Improved FMT Technology To Image Deep Tissue Regions

by | Sep 23, 2017

German scientists recently developed an improved FMT reconstruction for the imaging of deep tissue regions which could be beneficial in imaging colon cancer and inflammatory bowel disease.

Fluorescence-mediated tomography (FMT) is a promising imaging technology which allows three-dimensional assessment of the fluorescence distribution in deep tissue regions of the body. FMT can be combined with an anatomical modality, a micro-computed imaging tomography such as µCT, which enables more accurate and user-independent analysis because the µCT makes the images easier to interpret particularly for deep locations. Although FMT application is currently limited to rodents or parts of the human body such as hands and breasts, it already proved itself to be a very interesting and promising technique.

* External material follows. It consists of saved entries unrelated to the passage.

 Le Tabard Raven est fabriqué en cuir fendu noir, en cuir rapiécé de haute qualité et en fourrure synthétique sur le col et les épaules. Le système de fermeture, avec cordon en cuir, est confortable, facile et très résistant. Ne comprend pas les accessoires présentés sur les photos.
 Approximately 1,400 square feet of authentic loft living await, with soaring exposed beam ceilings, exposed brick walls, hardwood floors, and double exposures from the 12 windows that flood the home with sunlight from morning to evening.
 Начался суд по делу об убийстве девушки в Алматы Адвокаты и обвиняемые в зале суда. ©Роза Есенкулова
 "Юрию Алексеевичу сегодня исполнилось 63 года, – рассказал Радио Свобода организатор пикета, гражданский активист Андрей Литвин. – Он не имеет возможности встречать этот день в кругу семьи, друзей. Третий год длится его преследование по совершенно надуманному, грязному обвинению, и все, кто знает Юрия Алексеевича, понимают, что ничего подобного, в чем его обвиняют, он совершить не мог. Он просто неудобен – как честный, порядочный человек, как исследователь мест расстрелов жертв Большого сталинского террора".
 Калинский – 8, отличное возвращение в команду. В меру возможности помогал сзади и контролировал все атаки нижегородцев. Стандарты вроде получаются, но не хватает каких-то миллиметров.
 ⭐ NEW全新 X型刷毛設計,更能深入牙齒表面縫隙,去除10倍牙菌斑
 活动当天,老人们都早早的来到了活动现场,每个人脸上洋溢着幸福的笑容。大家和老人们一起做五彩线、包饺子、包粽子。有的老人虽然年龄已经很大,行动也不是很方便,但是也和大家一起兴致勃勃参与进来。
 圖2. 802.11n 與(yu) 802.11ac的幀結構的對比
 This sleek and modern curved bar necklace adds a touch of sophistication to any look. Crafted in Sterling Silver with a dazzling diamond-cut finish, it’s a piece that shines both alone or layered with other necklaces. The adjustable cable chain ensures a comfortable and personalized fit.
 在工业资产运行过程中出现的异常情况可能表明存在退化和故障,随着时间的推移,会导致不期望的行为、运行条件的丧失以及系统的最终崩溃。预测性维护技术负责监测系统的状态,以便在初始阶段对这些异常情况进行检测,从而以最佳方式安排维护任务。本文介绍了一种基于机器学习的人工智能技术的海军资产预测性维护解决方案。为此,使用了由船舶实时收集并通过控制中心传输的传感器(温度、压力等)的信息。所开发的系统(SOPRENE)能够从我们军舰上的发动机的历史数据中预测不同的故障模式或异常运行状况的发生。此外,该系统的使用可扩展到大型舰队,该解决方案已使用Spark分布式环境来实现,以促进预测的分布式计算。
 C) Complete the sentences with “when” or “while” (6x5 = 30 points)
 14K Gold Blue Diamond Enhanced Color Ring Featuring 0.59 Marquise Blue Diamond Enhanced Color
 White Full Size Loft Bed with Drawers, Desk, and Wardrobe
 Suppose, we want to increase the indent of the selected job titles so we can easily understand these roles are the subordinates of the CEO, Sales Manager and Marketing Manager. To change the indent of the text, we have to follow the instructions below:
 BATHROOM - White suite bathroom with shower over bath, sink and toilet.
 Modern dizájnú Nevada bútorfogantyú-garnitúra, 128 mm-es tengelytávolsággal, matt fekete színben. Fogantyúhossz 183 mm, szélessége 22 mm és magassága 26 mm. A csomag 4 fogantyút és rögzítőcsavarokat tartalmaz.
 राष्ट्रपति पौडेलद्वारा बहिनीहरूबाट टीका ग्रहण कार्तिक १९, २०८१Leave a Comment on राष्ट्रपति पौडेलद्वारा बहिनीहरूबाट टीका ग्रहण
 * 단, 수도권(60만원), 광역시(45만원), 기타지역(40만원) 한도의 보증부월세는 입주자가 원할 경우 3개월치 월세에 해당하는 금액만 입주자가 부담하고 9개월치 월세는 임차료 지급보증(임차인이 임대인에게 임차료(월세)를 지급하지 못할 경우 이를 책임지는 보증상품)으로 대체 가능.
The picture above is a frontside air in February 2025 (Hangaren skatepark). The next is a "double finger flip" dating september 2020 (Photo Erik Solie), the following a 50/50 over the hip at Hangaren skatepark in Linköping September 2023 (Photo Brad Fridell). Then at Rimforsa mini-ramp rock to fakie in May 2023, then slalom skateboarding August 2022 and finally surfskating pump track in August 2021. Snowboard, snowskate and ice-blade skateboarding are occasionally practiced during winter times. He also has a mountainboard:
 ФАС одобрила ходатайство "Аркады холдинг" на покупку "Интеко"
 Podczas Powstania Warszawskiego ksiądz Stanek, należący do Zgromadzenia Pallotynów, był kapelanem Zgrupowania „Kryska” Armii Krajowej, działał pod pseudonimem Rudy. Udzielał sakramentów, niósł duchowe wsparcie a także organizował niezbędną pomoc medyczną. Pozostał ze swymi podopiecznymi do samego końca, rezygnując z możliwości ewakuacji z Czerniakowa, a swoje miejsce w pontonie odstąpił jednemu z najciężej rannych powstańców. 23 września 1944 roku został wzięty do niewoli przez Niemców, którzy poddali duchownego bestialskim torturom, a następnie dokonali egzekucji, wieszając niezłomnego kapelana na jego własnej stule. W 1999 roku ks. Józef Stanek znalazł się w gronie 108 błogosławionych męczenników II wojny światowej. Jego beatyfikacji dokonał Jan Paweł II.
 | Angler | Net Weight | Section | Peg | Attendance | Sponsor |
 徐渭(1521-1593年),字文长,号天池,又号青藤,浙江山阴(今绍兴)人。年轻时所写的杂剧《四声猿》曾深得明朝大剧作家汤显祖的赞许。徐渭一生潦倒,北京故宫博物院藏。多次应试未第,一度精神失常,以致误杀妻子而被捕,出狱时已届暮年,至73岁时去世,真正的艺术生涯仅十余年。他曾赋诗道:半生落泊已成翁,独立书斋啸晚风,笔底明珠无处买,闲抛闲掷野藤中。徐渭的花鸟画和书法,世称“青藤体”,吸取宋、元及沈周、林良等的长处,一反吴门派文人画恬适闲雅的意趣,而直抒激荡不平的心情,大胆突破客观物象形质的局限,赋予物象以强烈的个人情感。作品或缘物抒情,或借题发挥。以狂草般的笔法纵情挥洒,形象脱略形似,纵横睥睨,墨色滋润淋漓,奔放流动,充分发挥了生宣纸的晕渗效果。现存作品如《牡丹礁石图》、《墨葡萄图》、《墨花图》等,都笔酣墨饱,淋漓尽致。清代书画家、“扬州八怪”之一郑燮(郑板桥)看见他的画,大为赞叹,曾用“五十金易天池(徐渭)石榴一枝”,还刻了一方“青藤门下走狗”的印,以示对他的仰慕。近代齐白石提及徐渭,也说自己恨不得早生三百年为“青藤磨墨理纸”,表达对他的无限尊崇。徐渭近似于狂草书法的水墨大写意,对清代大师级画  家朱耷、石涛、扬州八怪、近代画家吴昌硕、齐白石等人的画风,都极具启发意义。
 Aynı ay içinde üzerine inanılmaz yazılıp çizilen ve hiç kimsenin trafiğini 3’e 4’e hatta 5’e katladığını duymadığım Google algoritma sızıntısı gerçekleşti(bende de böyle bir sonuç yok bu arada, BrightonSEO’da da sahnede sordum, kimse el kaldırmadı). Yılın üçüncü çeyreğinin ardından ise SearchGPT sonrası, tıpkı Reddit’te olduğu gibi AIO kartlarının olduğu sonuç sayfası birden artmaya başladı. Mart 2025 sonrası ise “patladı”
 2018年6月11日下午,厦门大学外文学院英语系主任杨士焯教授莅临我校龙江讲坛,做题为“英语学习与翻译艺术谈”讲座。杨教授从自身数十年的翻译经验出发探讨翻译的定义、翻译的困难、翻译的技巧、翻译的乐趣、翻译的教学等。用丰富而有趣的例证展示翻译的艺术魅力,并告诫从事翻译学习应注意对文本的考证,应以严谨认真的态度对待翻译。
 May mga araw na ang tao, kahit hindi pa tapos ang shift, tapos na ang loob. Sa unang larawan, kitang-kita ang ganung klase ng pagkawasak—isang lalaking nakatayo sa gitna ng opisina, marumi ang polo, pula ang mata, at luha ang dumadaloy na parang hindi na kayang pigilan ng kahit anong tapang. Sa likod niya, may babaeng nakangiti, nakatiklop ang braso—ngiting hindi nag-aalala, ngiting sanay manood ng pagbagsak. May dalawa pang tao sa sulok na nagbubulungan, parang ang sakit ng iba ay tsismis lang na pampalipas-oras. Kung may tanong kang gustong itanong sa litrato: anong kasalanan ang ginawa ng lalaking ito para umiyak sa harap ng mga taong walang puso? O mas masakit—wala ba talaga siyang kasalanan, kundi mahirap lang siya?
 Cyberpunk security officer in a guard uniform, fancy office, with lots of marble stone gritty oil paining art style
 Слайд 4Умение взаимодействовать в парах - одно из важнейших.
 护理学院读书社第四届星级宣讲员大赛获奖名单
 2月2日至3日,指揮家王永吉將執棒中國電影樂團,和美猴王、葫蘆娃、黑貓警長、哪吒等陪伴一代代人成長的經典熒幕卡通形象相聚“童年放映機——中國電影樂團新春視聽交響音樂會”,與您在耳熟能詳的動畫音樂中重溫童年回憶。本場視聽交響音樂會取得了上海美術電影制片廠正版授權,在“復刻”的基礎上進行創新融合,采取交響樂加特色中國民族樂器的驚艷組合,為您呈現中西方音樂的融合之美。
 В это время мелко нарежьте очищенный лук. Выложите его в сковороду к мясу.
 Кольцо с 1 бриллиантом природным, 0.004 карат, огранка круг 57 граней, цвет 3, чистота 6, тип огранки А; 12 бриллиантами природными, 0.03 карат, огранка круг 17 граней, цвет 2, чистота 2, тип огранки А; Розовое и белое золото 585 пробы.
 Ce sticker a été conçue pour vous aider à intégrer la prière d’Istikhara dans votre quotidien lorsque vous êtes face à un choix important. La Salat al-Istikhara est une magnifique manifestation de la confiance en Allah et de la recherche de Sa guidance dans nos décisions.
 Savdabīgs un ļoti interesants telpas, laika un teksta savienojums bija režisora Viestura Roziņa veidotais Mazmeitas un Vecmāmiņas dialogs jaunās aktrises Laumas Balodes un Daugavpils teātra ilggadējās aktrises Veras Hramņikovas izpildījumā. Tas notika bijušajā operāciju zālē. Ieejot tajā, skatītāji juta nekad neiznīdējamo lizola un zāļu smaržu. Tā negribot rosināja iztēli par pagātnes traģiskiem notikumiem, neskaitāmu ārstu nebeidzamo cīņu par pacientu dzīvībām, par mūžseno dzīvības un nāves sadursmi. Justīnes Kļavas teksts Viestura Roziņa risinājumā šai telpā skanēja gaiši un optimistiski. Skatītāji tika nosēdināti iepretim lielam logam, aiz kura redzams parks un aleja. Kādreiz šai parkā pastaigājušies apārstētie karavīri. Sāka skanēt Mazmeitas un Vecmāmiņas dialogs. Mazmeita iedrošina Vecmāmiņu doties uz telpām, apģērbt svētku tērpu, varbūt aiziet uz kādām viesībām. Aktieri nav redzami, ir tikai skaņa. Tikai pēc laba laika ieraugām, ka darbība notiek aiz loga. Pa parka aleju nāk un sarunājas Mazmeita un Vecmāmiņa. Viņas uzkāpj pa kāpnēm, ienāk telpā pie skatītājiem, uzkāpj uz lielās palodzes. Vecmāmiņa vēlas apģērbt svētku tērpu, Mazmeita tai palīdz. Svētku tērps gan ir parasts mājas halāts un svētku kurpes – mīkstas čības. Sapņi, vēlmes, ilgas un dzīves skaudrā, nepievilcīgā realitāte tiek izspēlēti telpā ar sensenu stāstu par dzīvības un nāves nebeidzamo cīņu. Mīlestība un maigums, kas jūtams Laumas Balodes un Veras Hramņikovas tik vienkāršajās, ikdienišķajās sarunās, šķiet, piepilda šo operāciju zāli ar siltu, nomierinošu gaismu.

Stefanie Rosenhain and other scientists from the Institute for Experimental Molecular Imaging (ExMI) in Aachen, Germany recently performed a study to assess sensitivity and accuracy of µCT-FMT under realistic in vivo conditions in deeply-seated regions. They acquired fluorescence reflectance images (FRI) and µCT-FMT scans of mice which were prepared with rectal insertions with different amounts of fluorescent dye. The improved FMT reconstruction could detect more accurately and sensitively as opposed to FRI and the original FMT reconstruction, plus it had a significantly improved signal localization as well.

With these results it was demonstrated that µCT-FMT is a highly sensitive, non-invasive procedure that provides accurate information in deep-tissue regions and might be a great tool in preclinical imaging studies on colon cancer and inflammatory bowel diseases. The established protocol the team set up, is helpful to assess sensitivity and accuracy for evaluating future improvements of the fluorescence reconstruction. The protocol is simple and reproducible too: due to the complex tissue properties and the presence of motion, an in vivo protocol is important for realistic assessment of sensitivity and accuracy, so the team used commercially available devices and a commercially available probe (OsteoSense) for their experiments to enhance the reproducibility for other research sites. Rosenhain and her team hope that a better understanding of the sensitivity and signal localization will help with planning and conducting future preclinical experiments using this interesting imaging technology.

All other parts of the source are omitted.